**Data for review:**
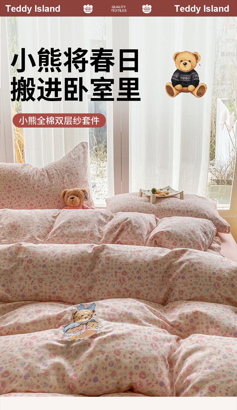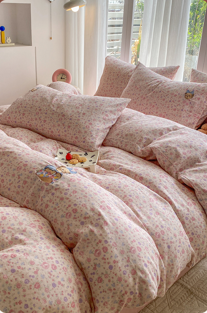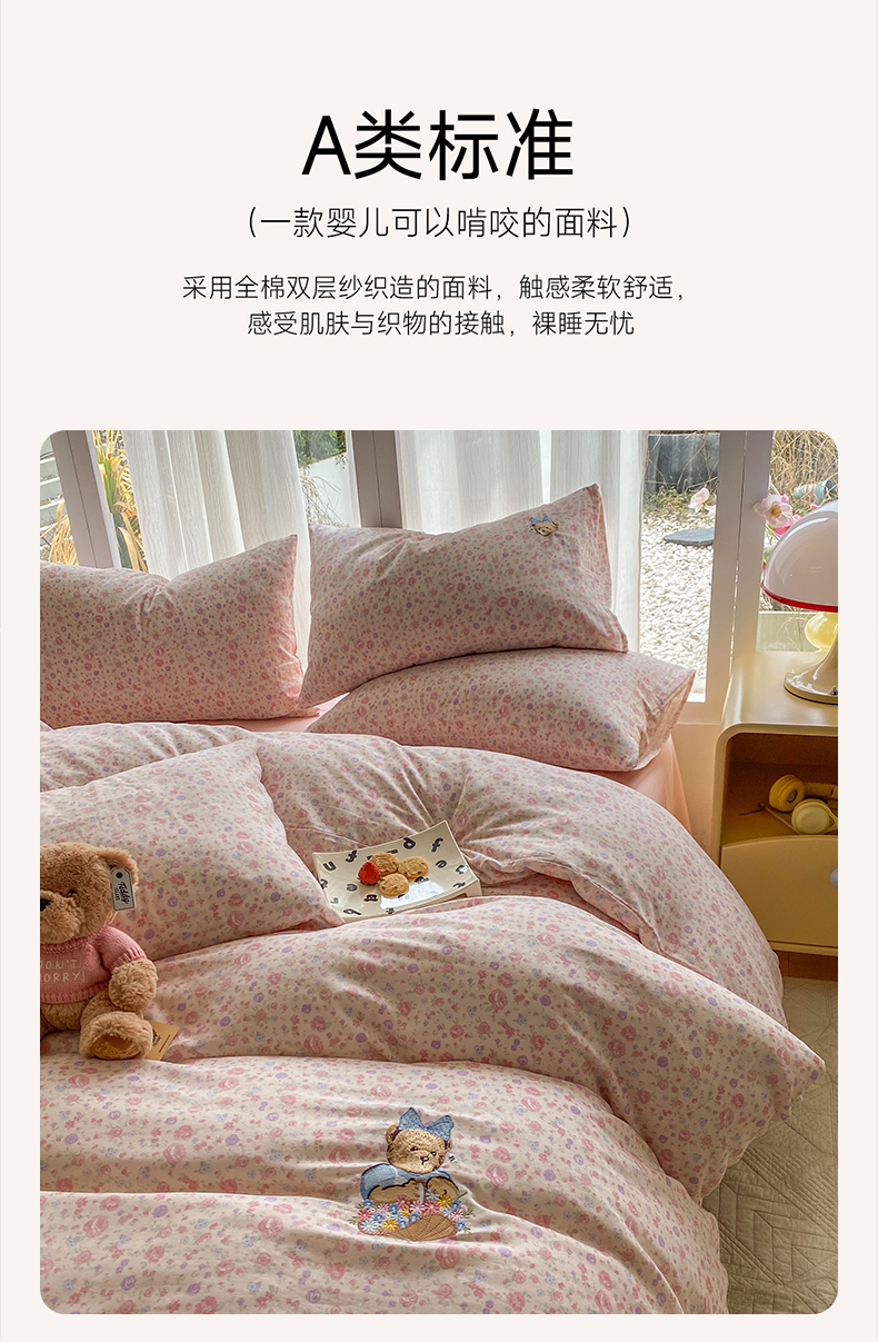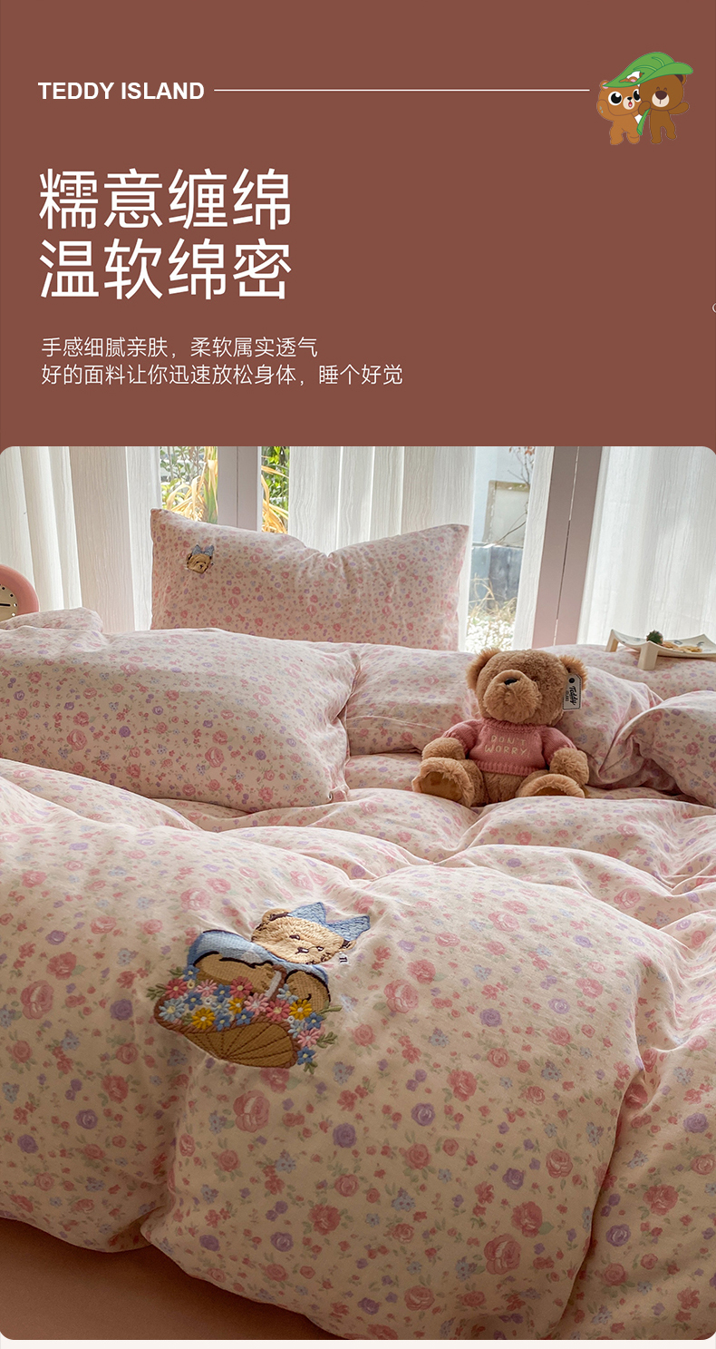 当前位置: 91家纺网 > 商品网购 > 床品套件 > 四件套 > 全棉普通四件套 > 尚品本色 2026新款全棉纯棉双层纱印花刺绣四件套 花镜花开
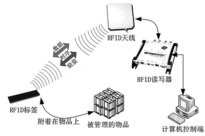 射频识别技术的核心设备由电子标签、读写器和管理平台等部分组成。电子标签是物品的标识信息,像身份证一样标注在物品表面,供读写器来识别。读写器通过接口通信协议与电子标签进行数据交换,汇集到管理平台,实现数据采集、处理、集成、存储及利用。在射频识别中,附着有电子标签的物品只要进入读写器的覆盖范围,就能从读写器发出的射频信号中获得能量,自动向读写器发送存储在芯片中的产品信息。读写器接收到物品上电子标签的信息并解码后,发送至管理平台进行有关数据处理,实现物品信息的自动识别、登记、处理,提高信息化管理水平。
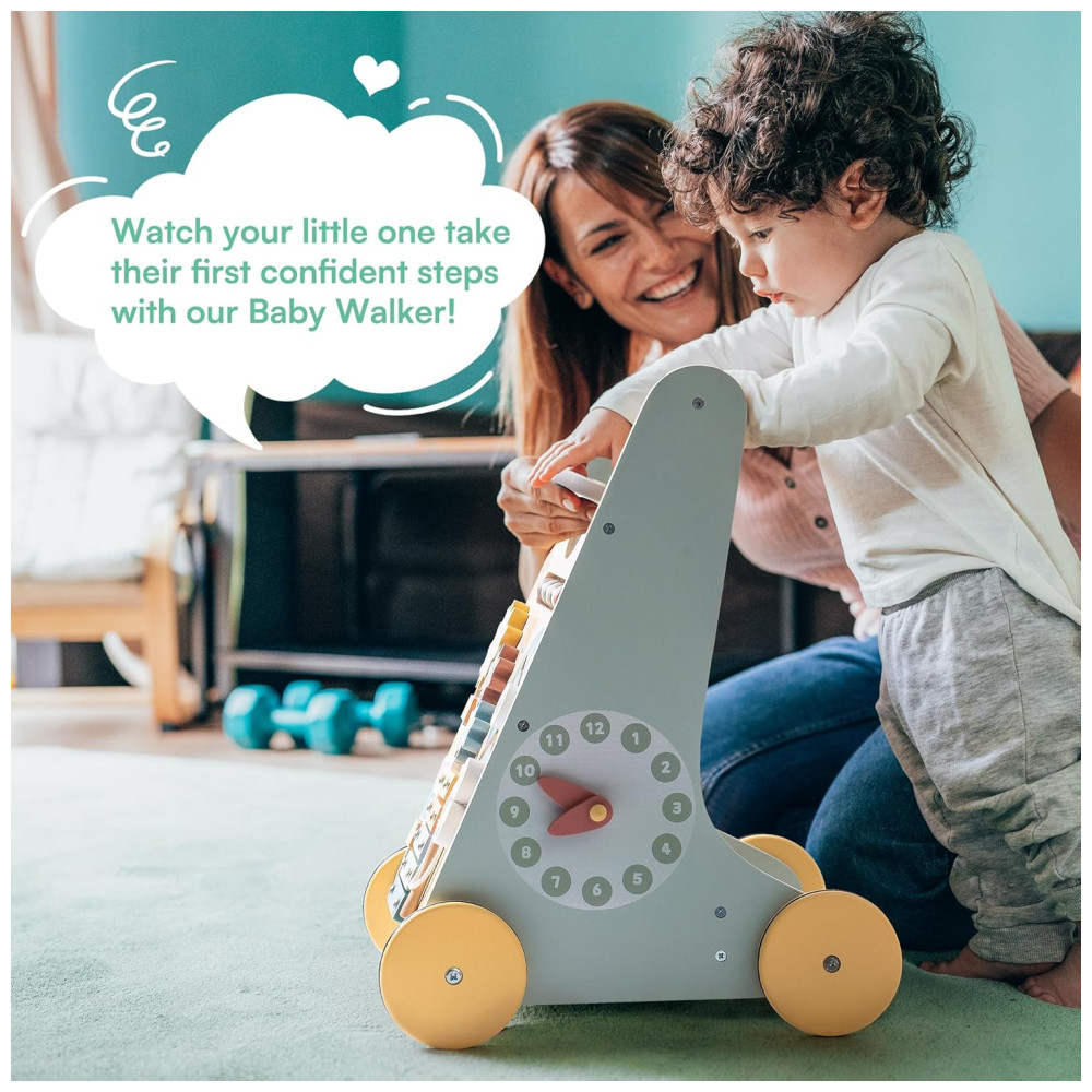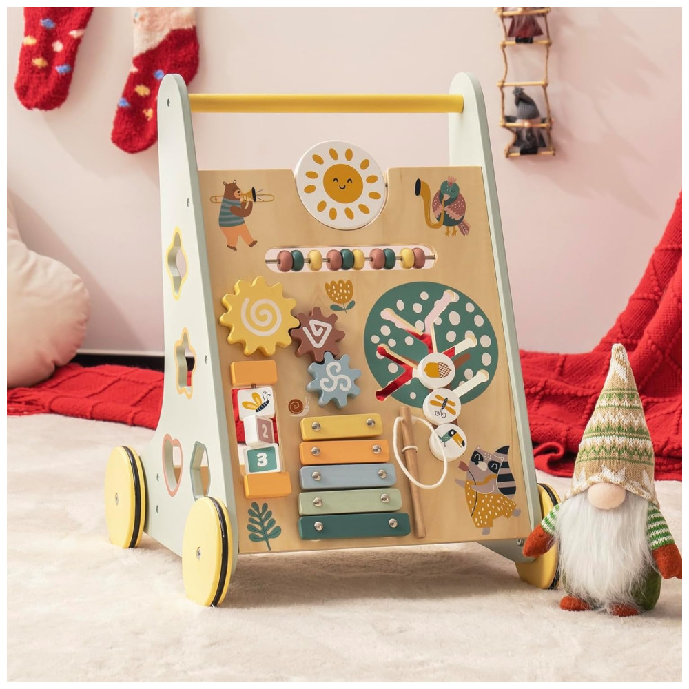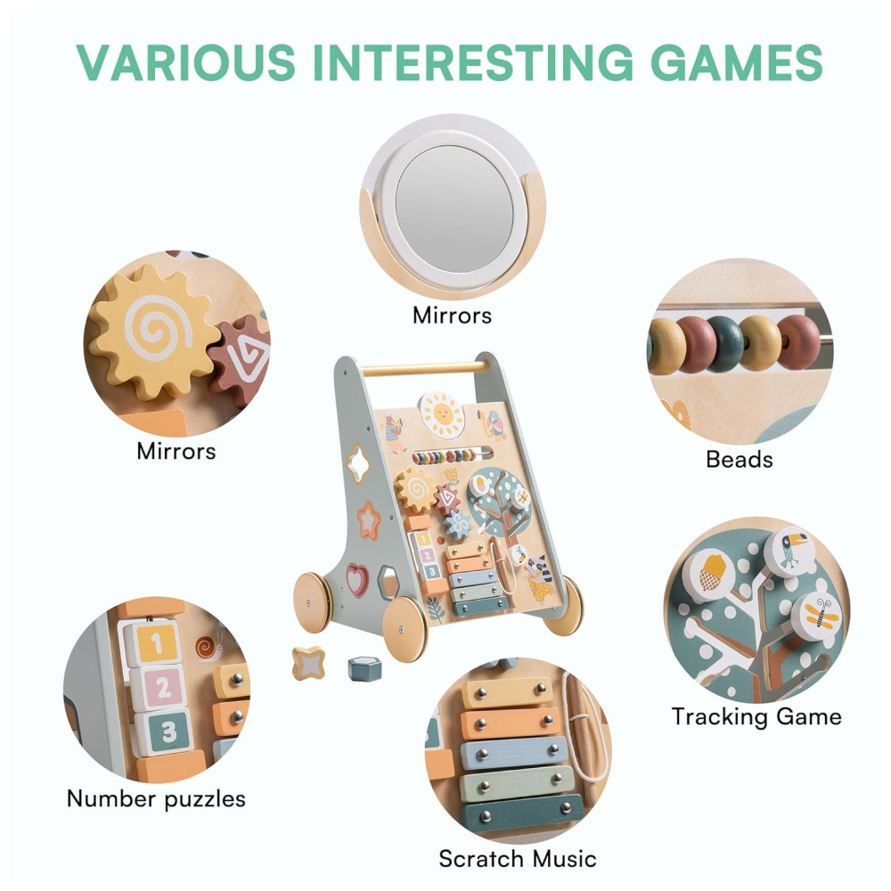 Carrinho Educativo de Empurrar de Madeira ROBUD com Centro de Atividades e Armazenamento – Brinquedo Montessori para Crianças Aprendendo a Andar
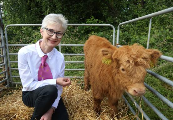 5 - Linda Moore, Mayne Curragh Highland Cattle, Omagh, with 'Kate', a two-month-old calf at Omagh Show.
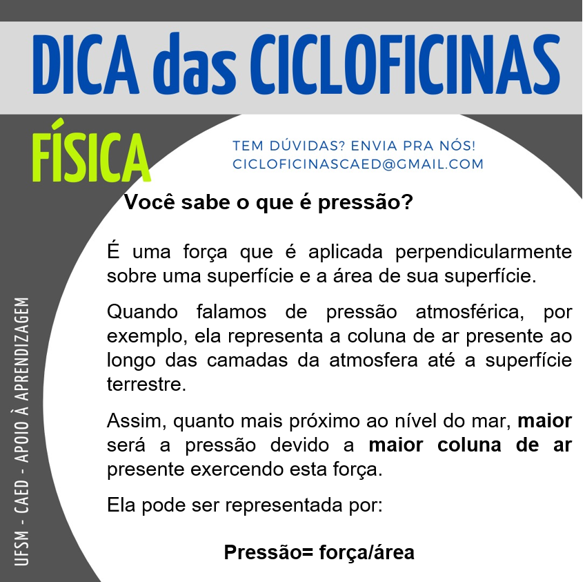 Descrição da imagem: Imagem retangular na horizontal, o fundo é na cor cinza escuro. Na parte superior há um retângulo na cor cinza claro onde tem escrito em letras na cor azul o título “Dicas das Cicloficinas”. Abaixo e no lado esquerdo, em letras na cor verde “Física” e do lado em letras pequenas e na cor azul “Tem dúvidas? Envia pra nós! cicloficinascaed@gmail.com”. No centro da imagem há um círculo na cor branca e dentro dele, em letras na cor preta há a seguinte dica: “Você sabe o que é pressão? É uma força que é aplicada perpendicularmente sobre uma superfície e a área de sua superfície. Quando falamos de pressão atmosférica, por exemplo, ela representa a coluna de ar presente ao longo das camadas da atmosfera até a superfície terrestre. Assim, quanto mais próximo ao nível do mar, maior será a pressão devido a maior coluna de ar presente exercendo esta força. Ela pode ser representada por: Pressão= força/área.” Na lateral esquerda da imagem, em letras na cor branca há “UFSM – CED – Apoio à aprendizagem”.

**About this exercise:**
From the opening line of the entries above to the line that holds "Carrinho Educativo de", inclusive, reproduce each line exactly and omit any picture.

**Task response:**
 当前位置: 91家纺网 > 商品网购 > 床品套件 > 四件套 > 全棉普通四件套 > 尚品本色 2026新款全棉纯棉双层纱印花刺绣四件套 花镜花开
 射频识别技术的核心设备由电子标签、读写器和管理平台等部分组成。电子标签是物品的标识信息,像身份证一样标注在物品表面,供读写器来识别。读写器通过接口通信协议与电子标签进行数据交换,汇集到管理平台,实现数据采集、处理、集成、存储及利用。在射频识别中,附着有电子标签的物品只要进入读写器的覆盖范围,就能从读写器发出的射频信号中获得能量,自动向读写器发送存储在芯片中的产品信息。读写器接收到物品上电子标签的信息并解码后,发送至管理平台进行有关数据处理,实现物品信息的自动识别、登记、处理,提高信息化管理水平。
 Carrinho Educativo de Empurrar de Madeira ROBUD com Centro de Atividades e Armazenamento – Brinquedo Montessori para Crianças Aprendendo a Andar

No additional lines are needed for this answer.